### TASK GOAL
Copy out the whole listing exactly as given. Skip the pictures.

### DATA BELOW
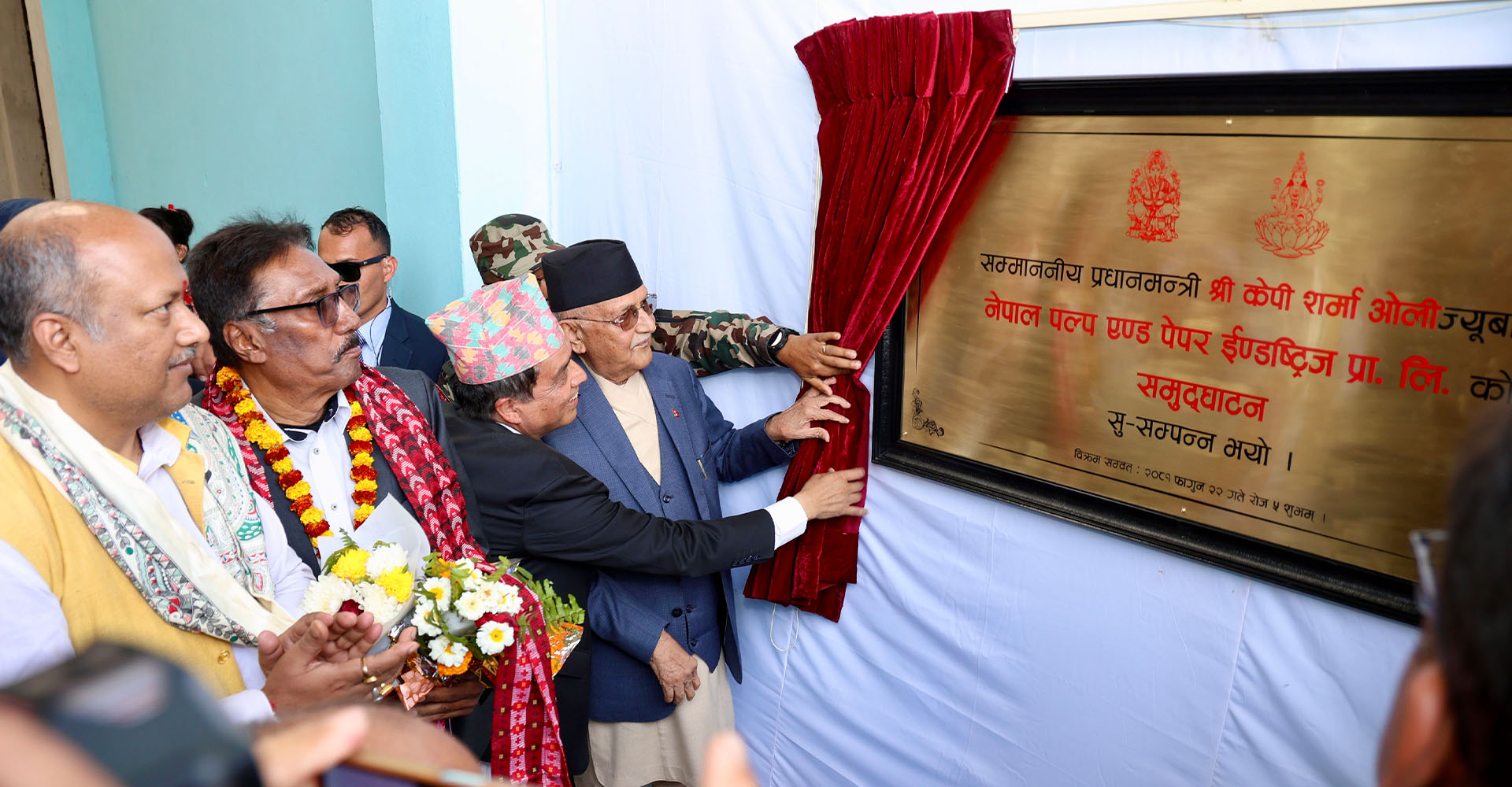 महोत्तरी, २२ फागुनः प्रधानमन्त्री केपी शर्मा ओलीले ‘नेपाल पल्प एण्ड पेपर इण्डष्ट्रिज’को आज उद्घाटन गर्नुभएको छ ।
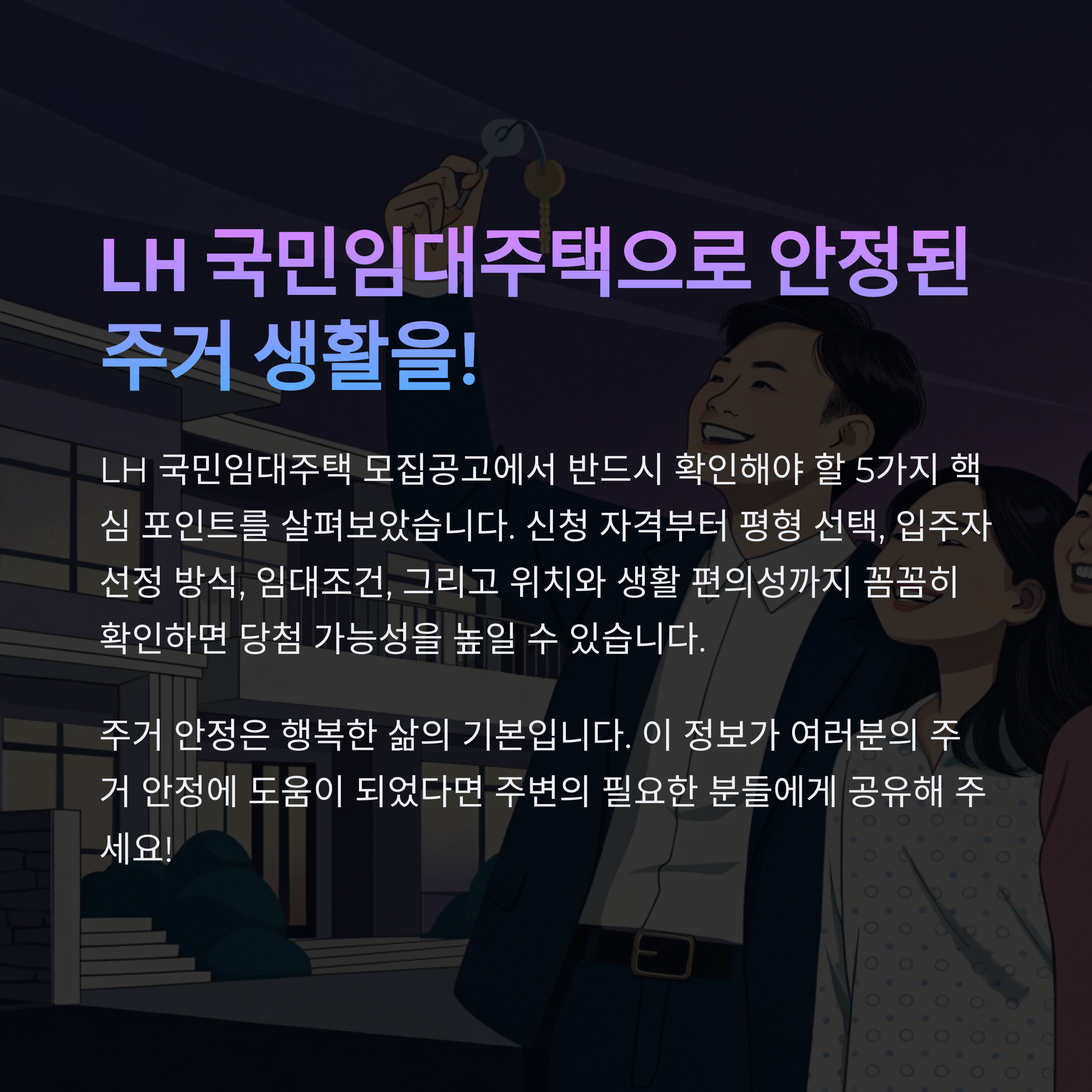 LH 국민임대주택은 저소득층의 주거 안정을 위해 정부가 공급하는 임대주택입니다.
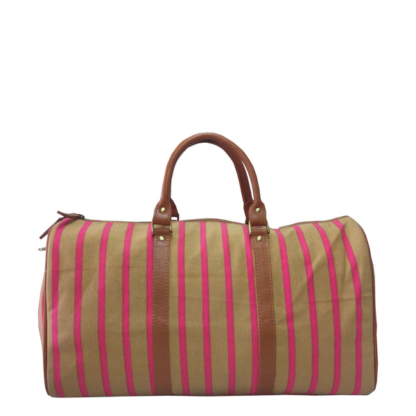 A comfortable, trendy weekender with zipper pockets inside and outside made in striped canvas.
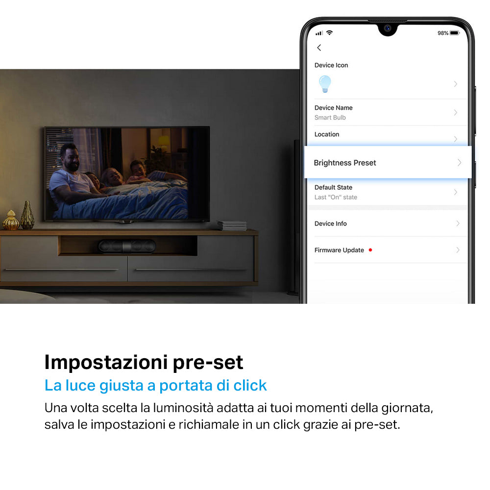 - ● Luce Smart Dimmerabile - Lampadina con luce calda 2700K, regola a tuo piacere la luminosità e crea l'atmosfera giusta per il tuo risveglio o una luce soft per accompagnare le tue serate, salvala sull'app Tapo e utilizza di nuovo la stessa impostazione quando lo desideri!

### YOUR SOLUTION
 महोत्तरी, २२ फागुनः प्रधानमन्त्री केपी शर्मा ओलीले ‘नेपाल पल्प एण्ड पेपर इण्डष्ट्रिज’को आज उद्घाटन गर्नुभएको छ ।
 LH 국민임대주택은 저소득층의 주거 안정을 위해 정부가 공급하는 임대주택입니다.
 A comfortable, trendy weekender with zipper pockets inside and outside made in striped canvas.
 - ● Luce Smart Dimmerabile - Lampadina con luce calda 2700K, regola a tuo piacere la luminosità e crea l'atmosfera giusta per il tuo risveglio o una luce soft per accompagnare le tue serate, salvala sull'app Tapo e utilizza di nuovo la stessa impostazione quando lo desideri!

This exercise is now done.